• To do
Exclude all pictures, and reproduce exactly the lines from the one containing "В 2018 году" through the end of the records, with nothing else added.

• Records from a data source
---

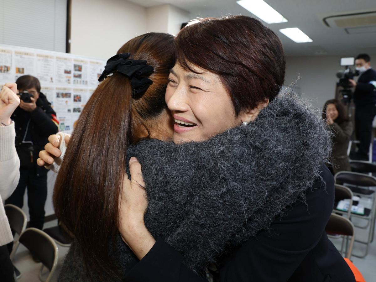 中道前職の西村智奈美さん(59)=1区=は小選挙区では敗れたが、比例で復活当選を果たした。満面の笑みで支援者と固く抱き合い「天から与えられた1議席。日本と新潟の未来のために仕事をしていく」と力強く語った。
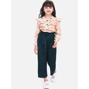 1. Girls Peach-Coloured & Green Printed Top with Palazzos
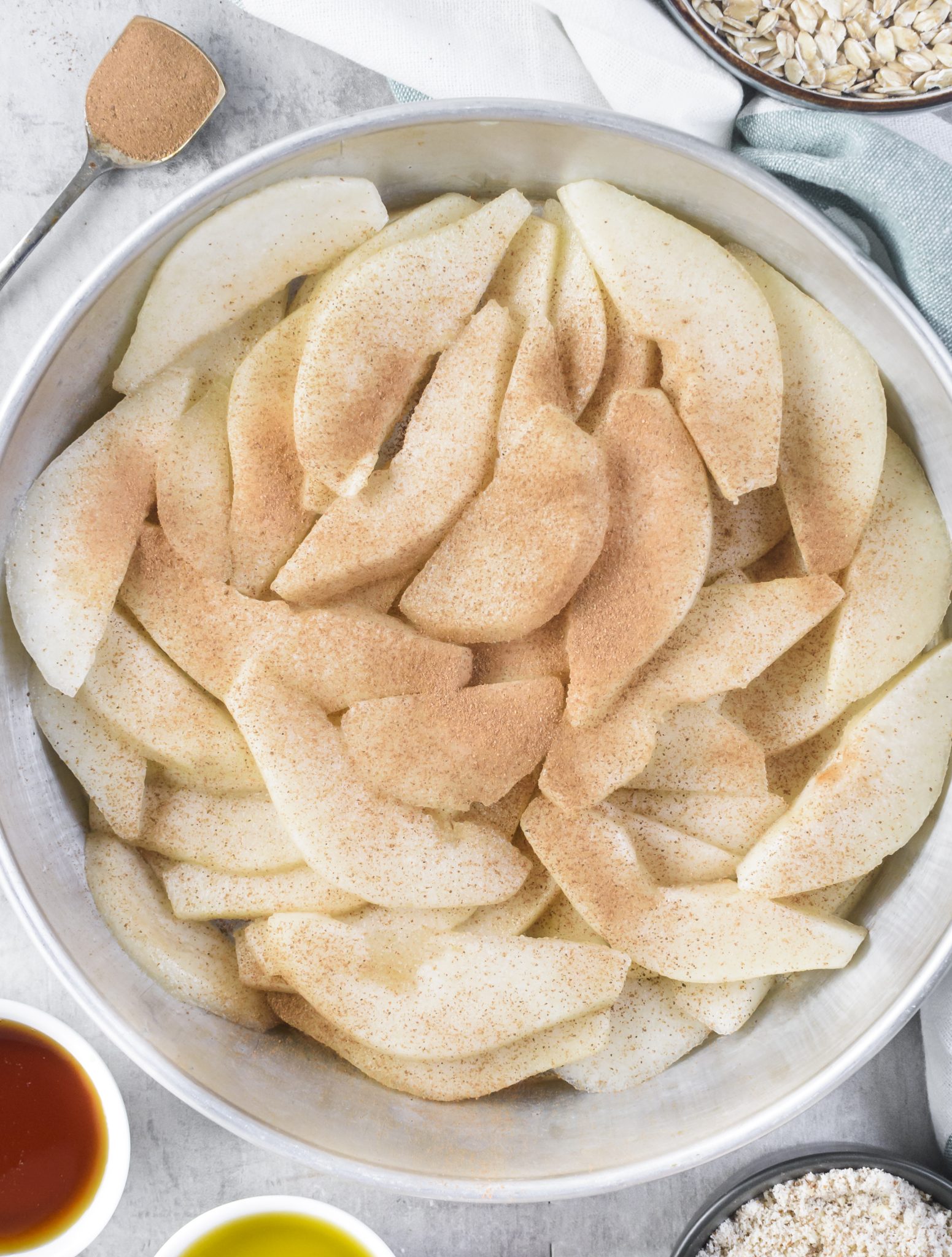 - Place your pears in an ungreased pie dish and toss them with cinnamon.
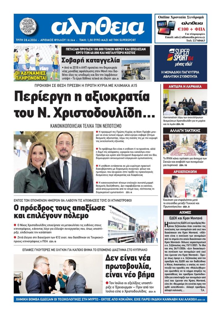 Αρχιεπισκόπου Κυπριανού 5, Λατσιά 2235 Ταχ. Θυριδα 21695, 1512 Λευκωσία ΣΥΝΤΑΞΗ Τηλ. 22-471353 e-mail: news@alfamedia.press.cy
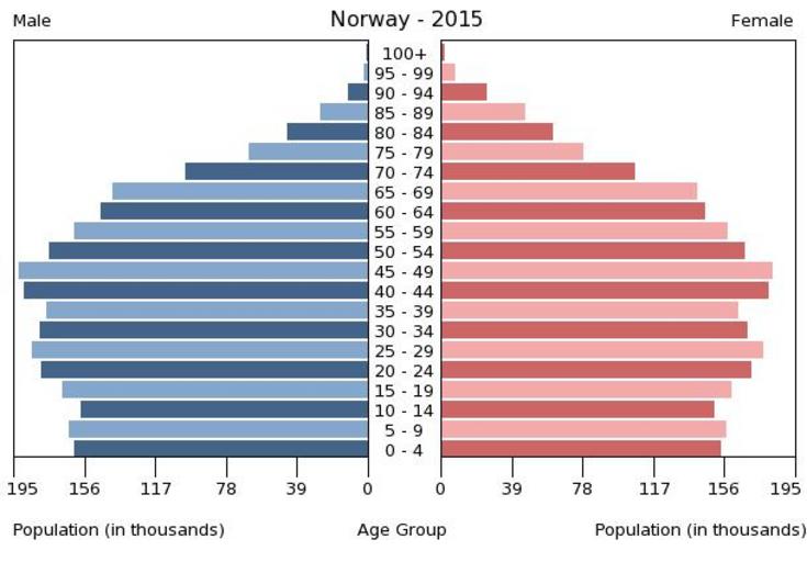 Keywords: Population pyramid of Norway 2015.png en A population pyramid illustrates the age and sex structure of population and may provide insights about political and social stability as well as economic development The population is distributed along the horizontal axis with males shown on the left and females on the right The male and female populations are broken down into 5-year age groups represented as horizontal bars along the vertical axis with the youngest age groups at the bottom and the oldest at the top The shape of the population pyramid gradually evolves over time based on fertility mortality and international migration trends Віково-статева пі аміда населення о вегії за 2015 ік Вона дає наочне уявлення п о вікову і статеву ст укту а населення к аїни може слугувати дже елом інфо мації п о політичну і соціальну стабільність економічний озвиток Блакитними кольо ами ліво уч у вигляді го изонтальних смуг показані вікові г упи по 5 оків кожна чоловічої статі п аво уч ожевими жіночої аймолодші вікові г упи внизу найста іші вго і Фо ма пі аміди поступово еволюціонує з плином часу під впливом чинників на оджуваності сме тності і світової міг ації https //www cia gov/library/publications/the-world-factbook/ The World Factbook 2016-09-21 The Central Intelligence Agency Цент альне озвідувальне уп авління PD-USGov Population pyramids of Norway |
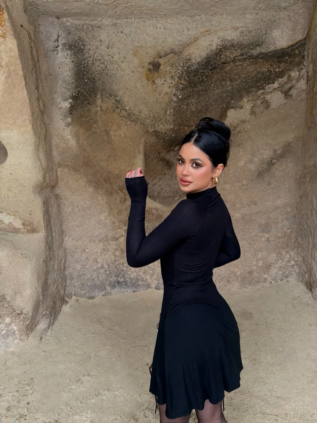 • Dik yaka detayı, elbiseye modern bir hava katar.
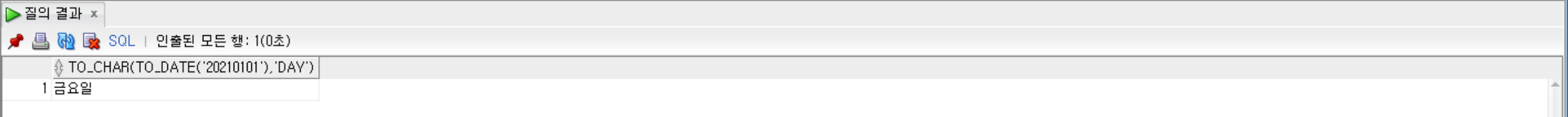 --2021년 01월 01일의 요일을 조회
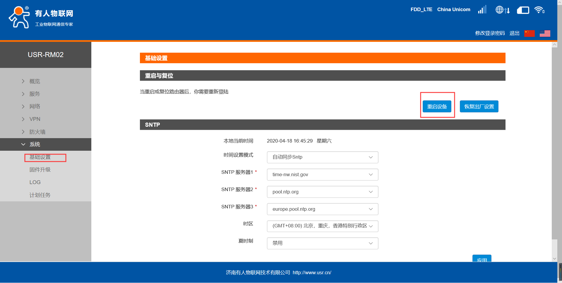 3、設置完參數后點擊系統--基礎設置--重啟設備。
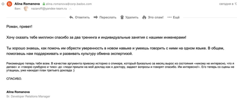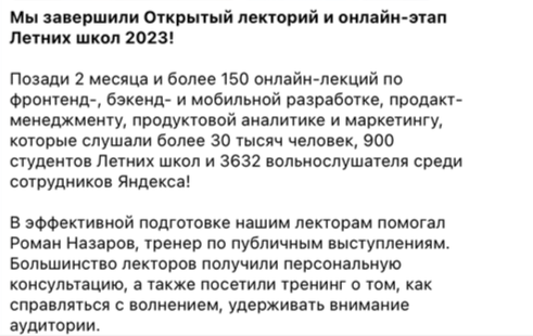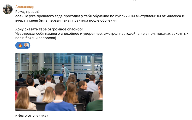 В 2018 году "публичные выступления" являлись самой посещаемой и популярной программой внутреннего обучения "Яндекса". Объединяет в своем тренинге два самых важных навыка: навык продаж и навык публичных выступлений.
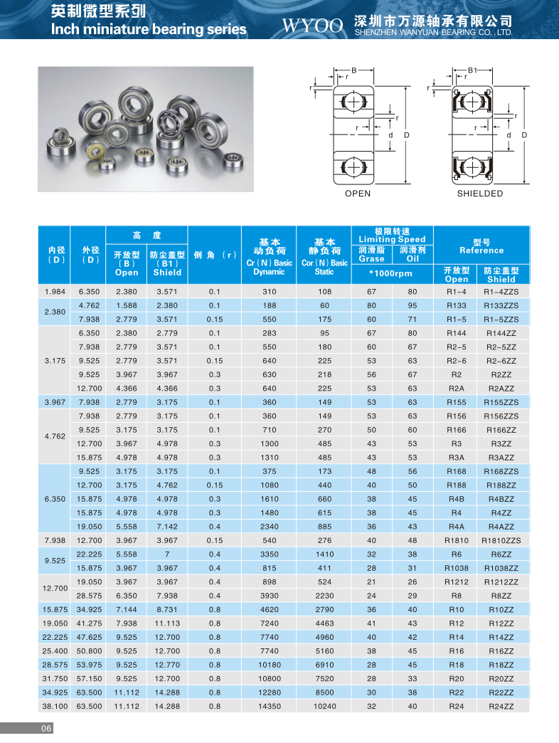 Shenzhen Wanyuan Bearing Co, Ltd. is a professional manufacturer of bearings, R & D and innovation as one of the enterprises. The company mainly produces diameter 1-50MM metric bearings, inch bearings, Spherical Roller Bearings, Cylindrical roller bearing,Angular contact bearings, Flange bearings,Rod end bearings and all kinds of non-standard bearings. |
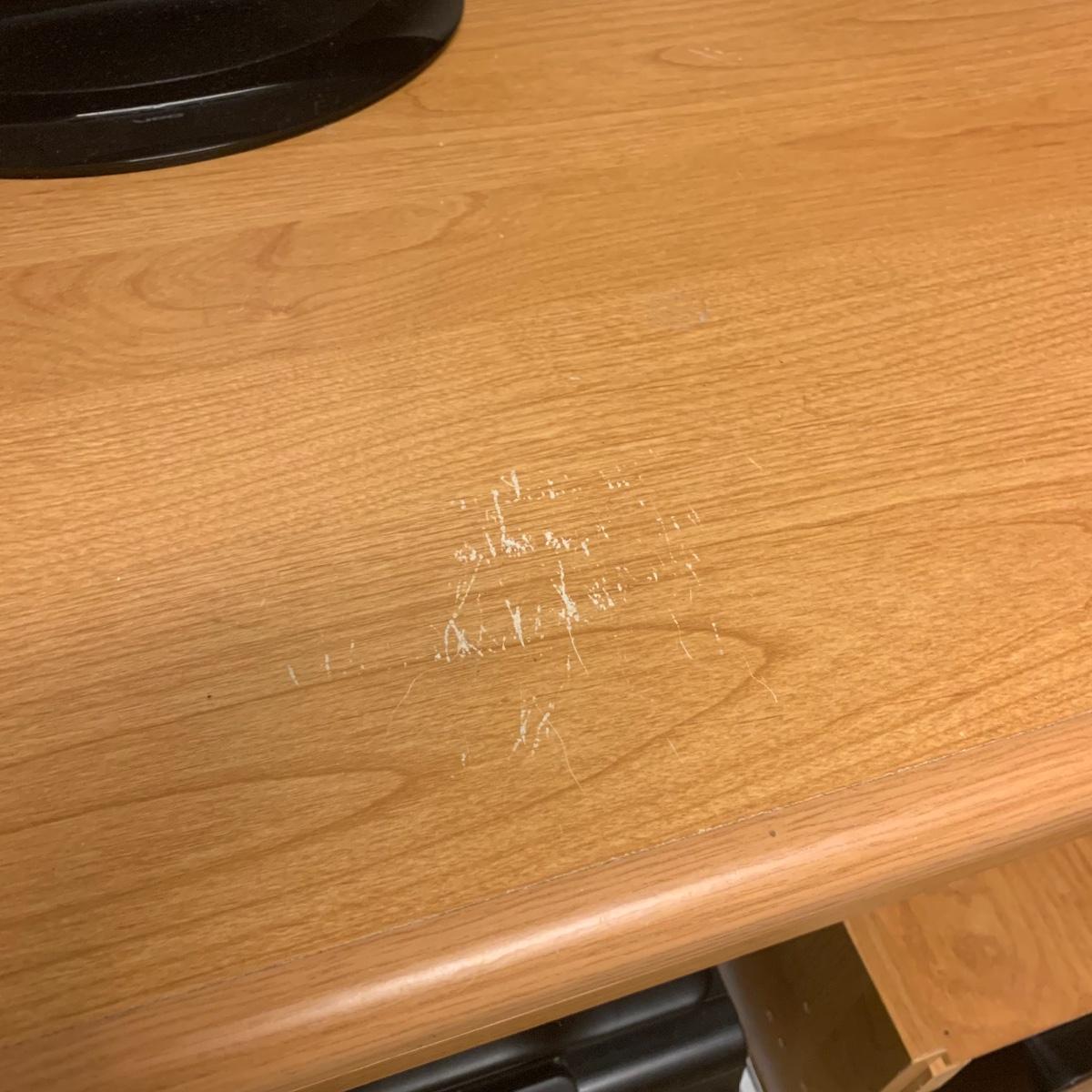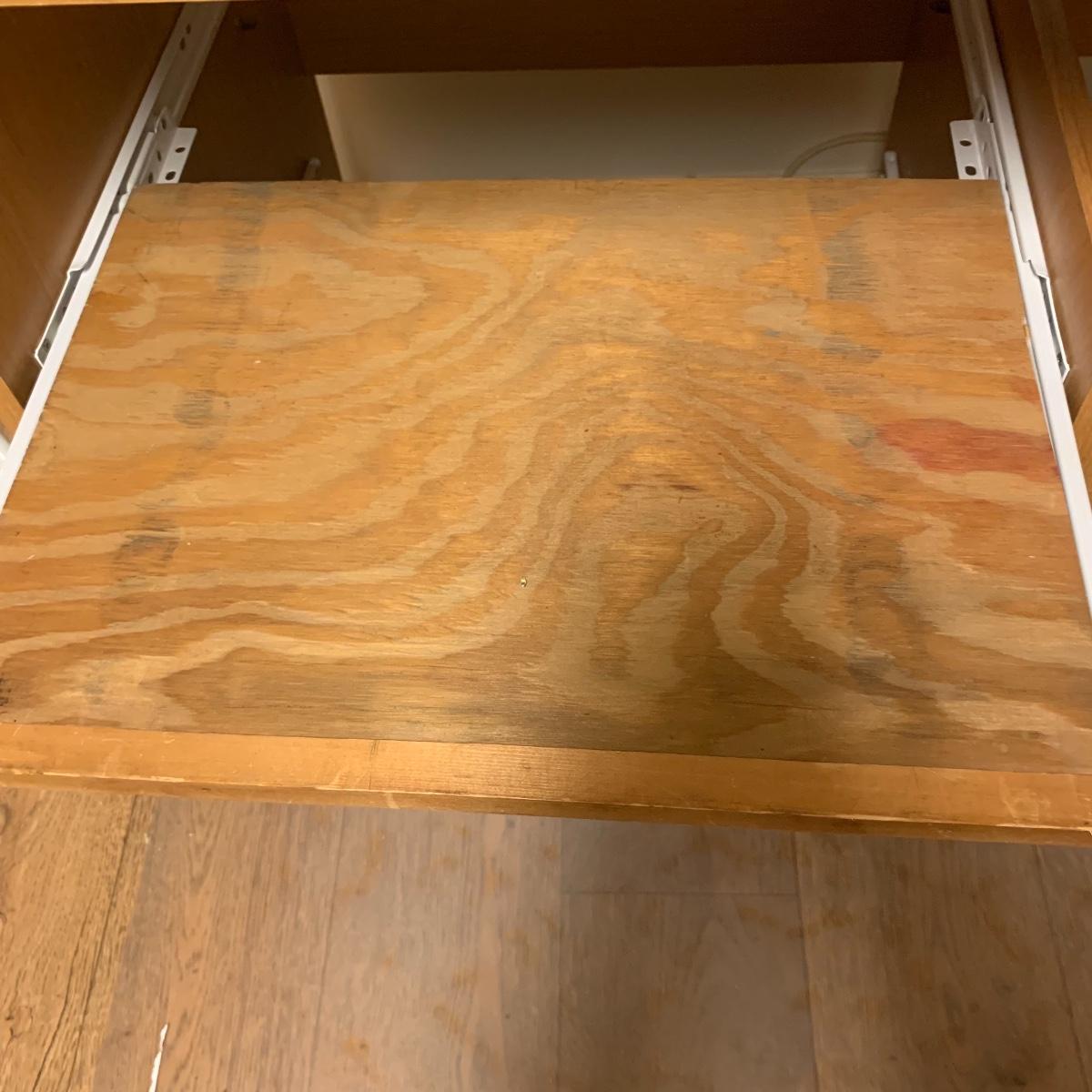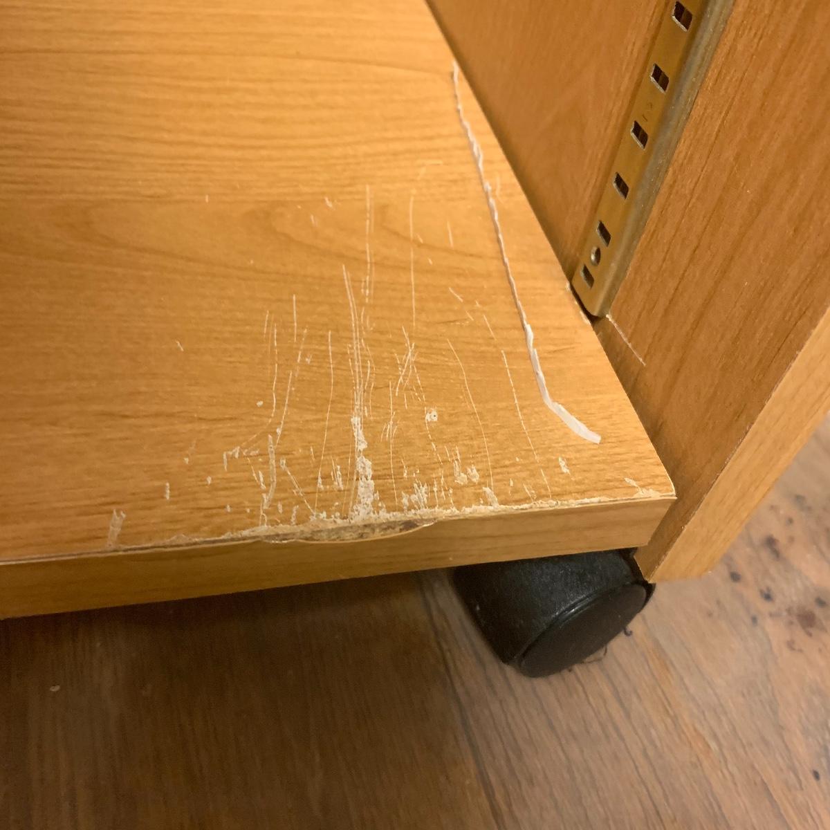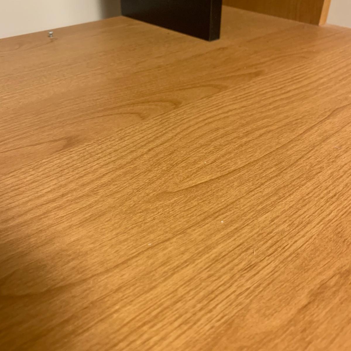 This lot includes two matching wooden computer desks. The desks both have slide-out shelving and a slide-out keyboard shelf. The desks have CD racks and open backing for cords. Both desks have some scratches in the wood (see photos). They both are on wheels; one of the desks is missing a wheel (see photos). The printer and Dell computer system are not included in the lot (lots 220 and 216). They measure about 20in x 31.5in x 55.5in. Local pick up only.

---

• Task solution
 В 2018 году "публичные выступления" являлись самой посещаемой и популярной программой внутреннего обучения "Яндекса". Объединяет в своем тренинге два самых важных навыка: навык продаж и навык публичных выступлений.
 Shenzhen Wanyuan Bearing Co, Ltd. is a professional manufacturer of bearings, R & D and innovation as one of the enterprises. The company mainly produces diameter 1-50MM metric bearings, inch bearings, Spherical Roller Bearings, Cylindrical roller bearing,Angular contact bearings, Flange bearings,Rod end bearings and all kinds of non-standard bearings. |
 This lot includes two matching wooden computer desks. The desks both have slide-out shelving and a slide-out keyboard shelf. The desks have CD racks and open backing for cords. Both desks have some scratches in the wood (see photos). They both are on wheels; one of the desks is missing a wheel (see photos). The printer and Dell computer system are not included in the lot (lots 220 and 216). They measure about 20in x 31.5in x 55.5in. Local pick up only.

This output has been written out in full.